# Work required
The following entries should be restated word for word, pictures excluded.

# Supplied entries
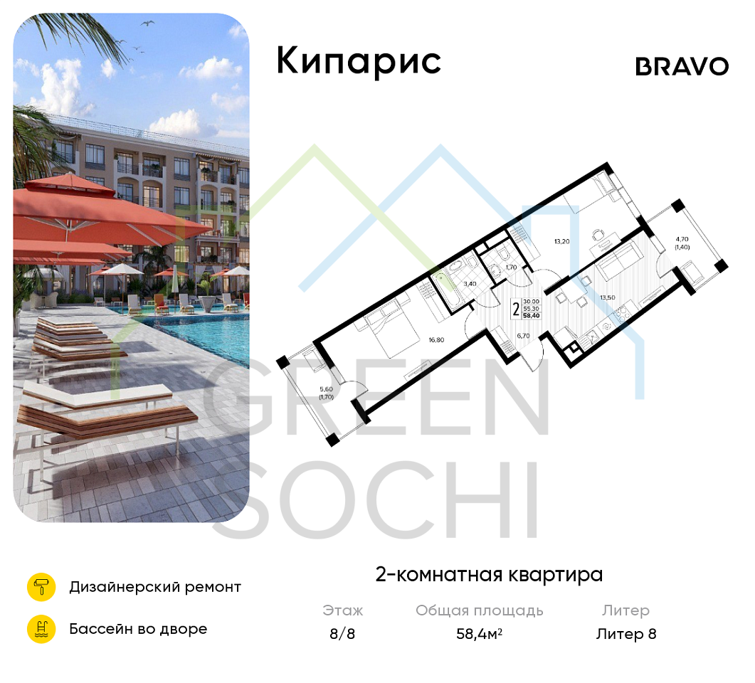 2-к квартира, 58.4 кв.м., в ЖК Кипарис (Холидей Хаус) (№16448)
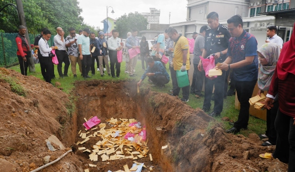 Kerja-kerja pelupusan tersebut dijalankan melalui kaedah pembakaran bagi memastikan dokumen-dokumen berkenaan dimusnahkan dengan sempurna.
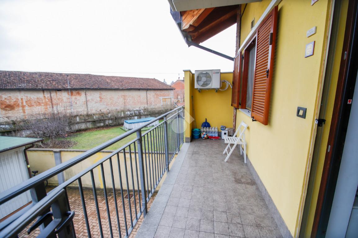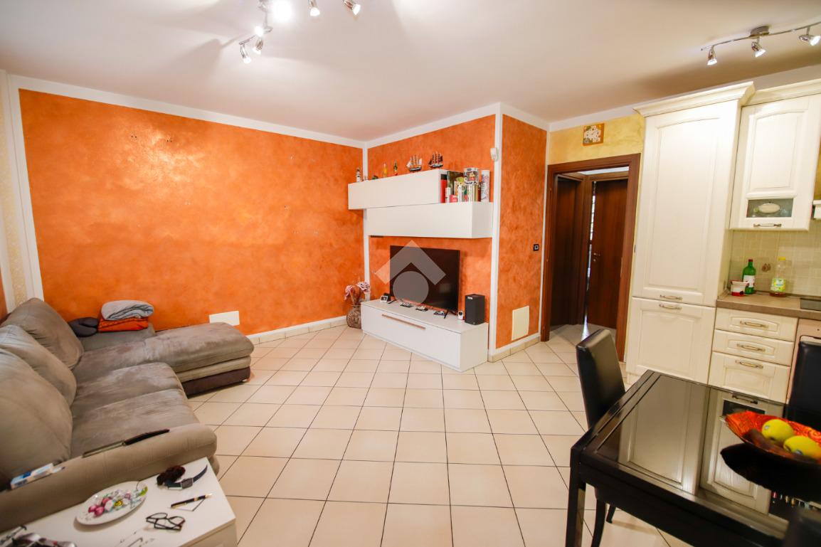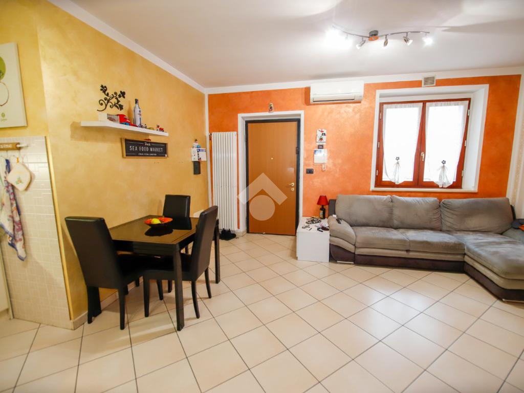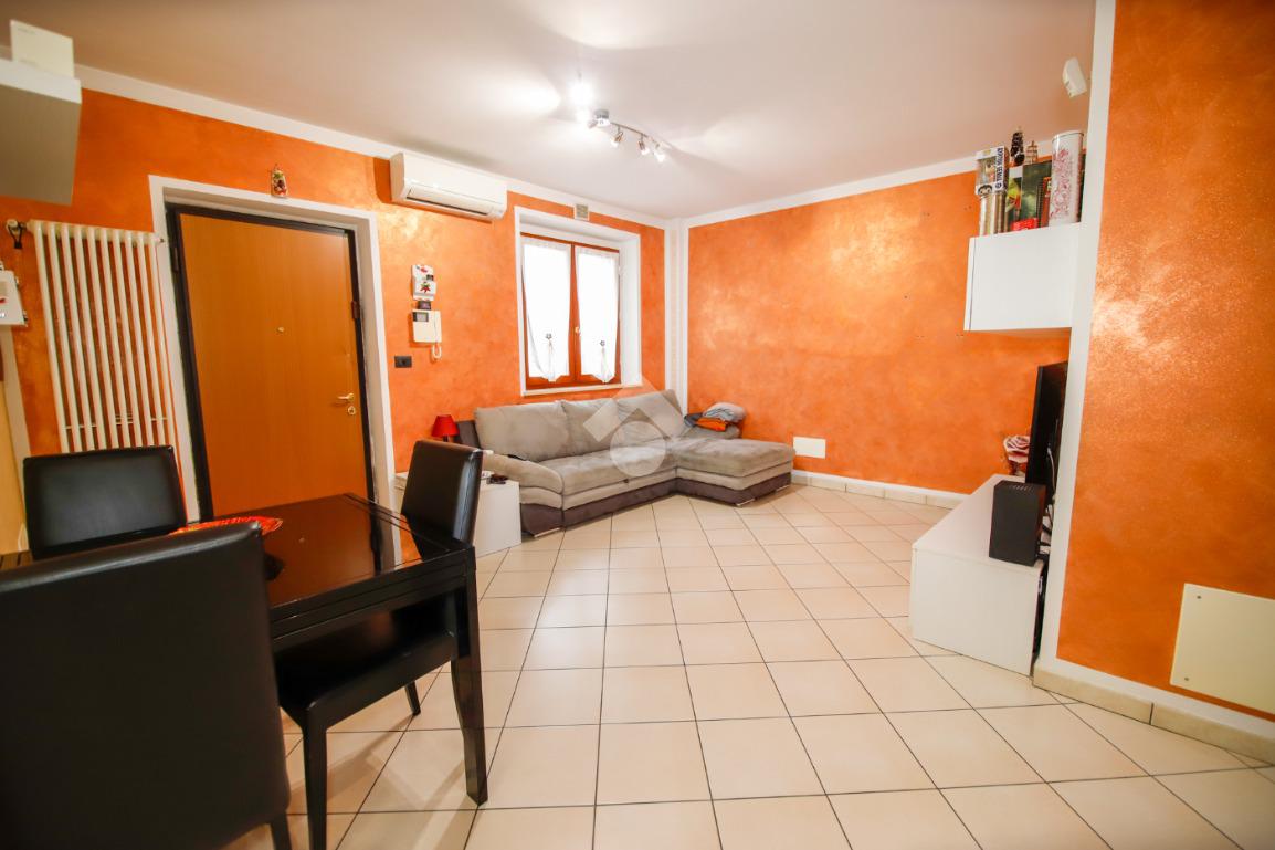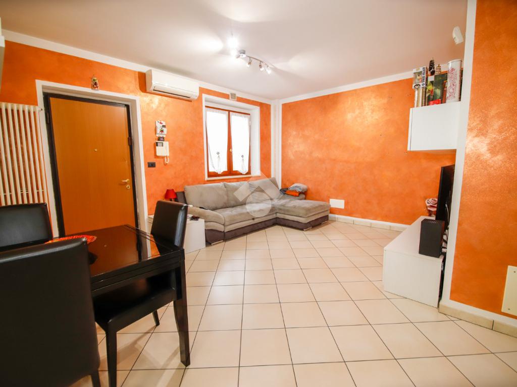 Vicino al centro paese e alle scuole, soluzione di costruzione del 2010 con doppia esposizione. L'immobile è situato al primo piano, l'ingresso dal portoncino blindato, è sulla zona giorno composta da luminoso soggiorno con angolo cottura. Il disimpegno separa la zona notte, dotata di camera da letto matrimoniale con finestra e cameretta con sfogo sul balcone. A completare il piano, il bagno finestrato con doccia. L'immobile si trova in ottimo stato interno, è presente l'impianto di allarme volumetrico e perimetrale, l'impianto di climatizzazione, il videocitofono e gli infissi sono con il doppio vetro e zanzariere. Di proprietà il box auto singolo. Il riscaldamento è semi-autonomo a radiatori.
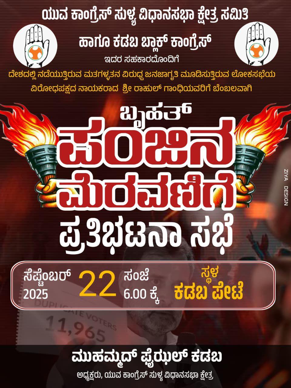 ಇದಕ್ಕೆ ಬೆಂಬಲವಾಗಿ ಸುಳ್ಯ ವಿಧಾನ ಸಭ ಕ್ಷೇತ್ರದ ಯುವ ಕಾಂಗ್ರೆಸ್ ಸಮಿತಿಯ ವತಿಯಿಂದ ಬೃಹತ್ ಪಂಜಿನ ಮೆರವಣಿಗೆ ಮತ್ತು ಪ್ರತಿಭಟಣಾ ಸಭೆ ಸಪ್ಟೆಂಬರ್ 22 ರಂದು , 2025 ಸೋಮವಾರ ದಂದು ನಡೆಯಲಿದೆ, ಈ ಮೆರವಣಿಗೆ ಅನುಗ್ರಹ ಸಭಾ ಭವನದ ಎದುರುಗಡೆಯಿಂದ ಕಡಬ ಮುಖ್ಯ ಪೇಟೆಯವರೆಗೆ ಪಂಜಿನ ಮೆರವಣಿಗೆ ನಡೆಯಲಿದೆ.
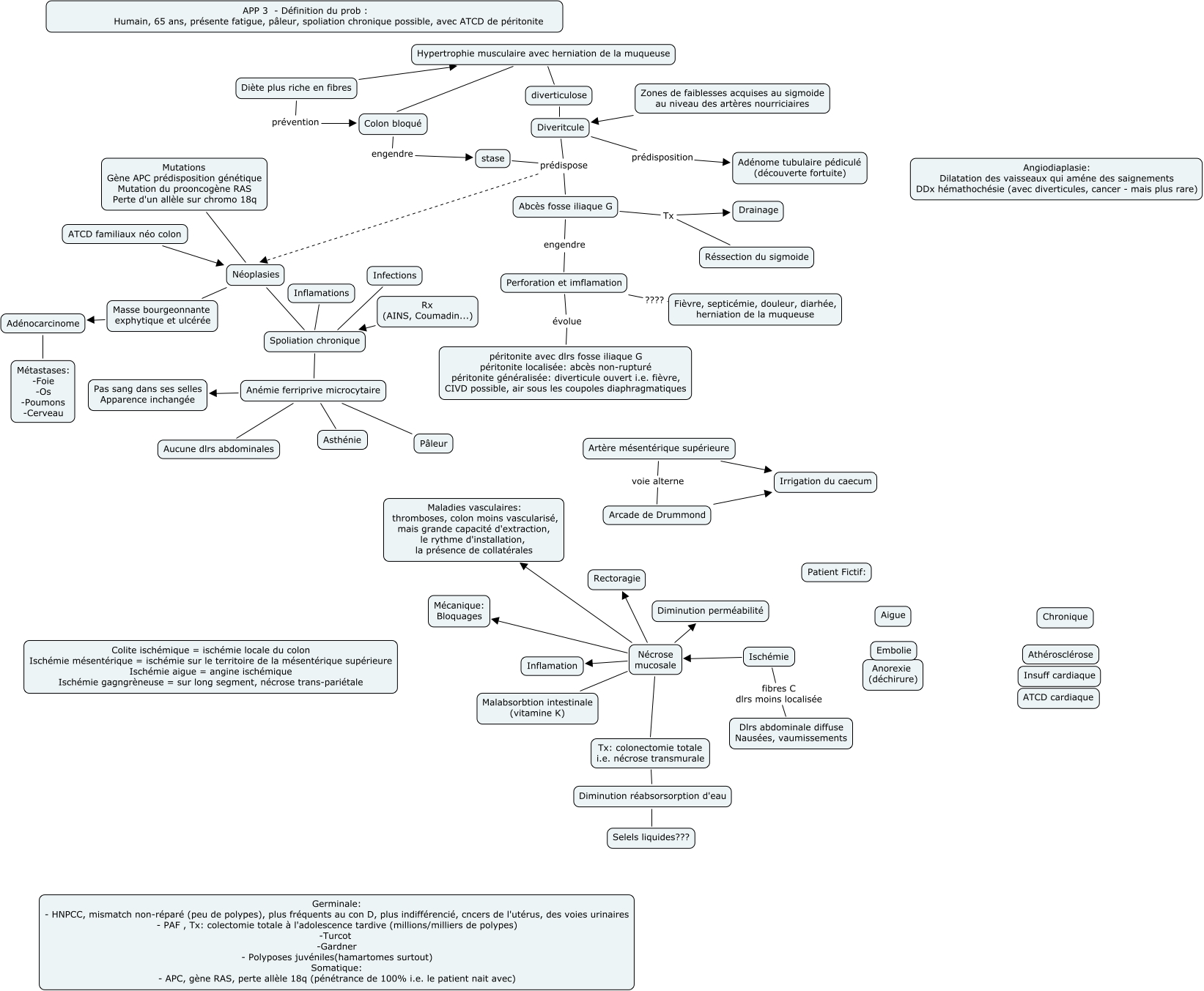 This Concept Map, created with IHMC CmapTools, has information related to: APP3 - Aller, Hypertrophie musculaire avec herniation de la muqueuse Colon bloqué, Nécrose mucosale Rectoragie, Abcès fosse iliaque G Tx Drainage, Rx (AINS, Coumadin...) Spoliation chronique, Néoplasies Masse bourgeonnante exphytique et ulcérée, Artère mésentérique supérieure Irrigation du caecum, Arcade de Drummond Irrigation du caecum, Nécrose mucosale Diminution perméabilité, Anémie ferriprive microcytaire Asthénie, Nécrose mucosale Malabsorbtion intestinale (vitamine K), Adénocarcinome Métastases: -Foie -Os -Poumons -Cerveau, Perforation et imflamation évolue péritonite avec dlrs fosse iliaque G péritonite localisée: abcès non-rupturé péritonite généralisée: diverticule ouvert i.e. fièvre, CIVD possible, air sous les coupoles diaphragmatiques, Anémie ferriprive microcytaire Pâleur, ATCD familiaux néo colon Néoplasies, Abcès fosse iliaque G engendre Perforation et imflamation, Inflamations Spoliation chronique, Ischémie fibres C dlrs moins localisée Dlrs abdominale diffuse Nausées, vaumissements, Anémie ferriprive microcytaire Pas sang dans ses selles Apparence inchangée, Masse bourgeonnante exphytique et ulcérée Adénocarcinome, Perforation et imflamation ???? Fièvre, septicémie, douleur, diarhée, herniation de la muqueuse

# Problem solution
 2-к квартира, 58.4 кв.м., в ЖК Кипарис (Холидей Хаус) (№16448)
 Kerja-kerja pelupusan tersebut dijalankan melalui kaedah pembakaran bagi memastikan dokumen-dokumen berkenaan dimusnahkan dengan sempurna.
 Vicino al centro paese e alle scuole, soluzione di costruzione del 2010 con doppia esposizione. L'immobile è situato al primo piano, l'ingresso dal portoncino blindato, è sulla zona giorno composta da luminoso soggiorno con angolo cottura. Il disimpegno separa la zona notte, dotata di camera da letto matrimoniale con finestra e cameretta con sfogo sul balcone. A completare il piano, il bagno finestrato con doccia. L'immobile si trova in ottimo stato interno, è presente l'impianto di allarme volumetrico e perimetrale, l'impianto di climatizzazione, il videocitofono e gli infissi sono con il doppio vetro e zanzariere. Di proprietà il box auto singolo. Il riscaldamento è semi-autonomo a radiatori.
 ಇದಕ್ಕೆ ಬೆಂಬಲವಾಗಿ ಸುಳ್ಯ ವಿಧಾನ ಸಭ ಕ್ಷೇತ್ರದ ಯುವ ಕಾಂಗ್ರೆಸ್ ಸಮಿತಿಯ ವತಿಯಿಂದ ಬೃಹತ್ ಪಂಜಿನ ಮೆರವಣಿಗೆ ಮತ್ತು ಪ್ರತಿಭಟಣಾ ಸಭೆ ಸಪ್ಟೆಂಬರ್ 22 ರಂದು , 2025 ಸೋಮವಾರ ದಂದು ನಡೆಯಲಿದೆ, ಈ ಮೆರವಣಿಗೆ ಅನುಗ್ರಹ ಸಭಾ ಭವನದ ಎದುರುಗಡೆಯಿಂದ ಕಡಬ ಮುಖ್ಯ ಪೇಟೆಯವರೆಗೆ ಪಂಜಿನ ಮೆರವಣಿಗೆ ನಡೆಯಲಿದೆ.
 This Concept Map, created with IHMC CmapTools, has information related to: APP3 - Aller, Hypertrophie musculaire avec herniation de la muqueuse Colon bloqué, Nécrose mucosale Rectoragie, Abcès fosse iliaque G Tx Drainage, Rx (AINS, Coumadin...) Spoliation chronique, Néoplasies Masse bourgeonnante exphytique et ulcérée, Artère mésentérique supérieure Irrigation du caecum, Arcade de Drummond Irrigation du caecum, Nécrose mucosale Diminution perméabilité, Anémie ferriprive microcytaire Asthénie, Nécrose mucosale Malabsorbtion intestinale (vitamine K), Adénocarcinome Métastases: -Foie -Os -Poumons -Cerveau, Perforation et imflamation évolue péritonite avec dlrs fosse iliaque G péritonite localisée: abcès non-rupturé péritonite généralisée: diverticule ouvert i.e. fièvre, CIVD possible, air sous les coupoles diaphragmatiques, Anémie ferriprive microcytaire Pâleur, ATCD familiaux néo colon Néoplasies, Abcès fosse iliaque G engendre Perforation et imflamation, Inflamations Spoliation chronique, Ischémie fibres C dlrs moins localisée Dlrs abdominale diffuse Nausées, vaumissements, Anémie ferriprive microcytaire Pas sang dans ses selles Apparence inchangée, Masse bourgeonnante exphytique et ulcérée Adénocarcinome, Perforation et imflamation ???? Fièvre, septicémie, douleur, diarhée, herniation de la muqueuse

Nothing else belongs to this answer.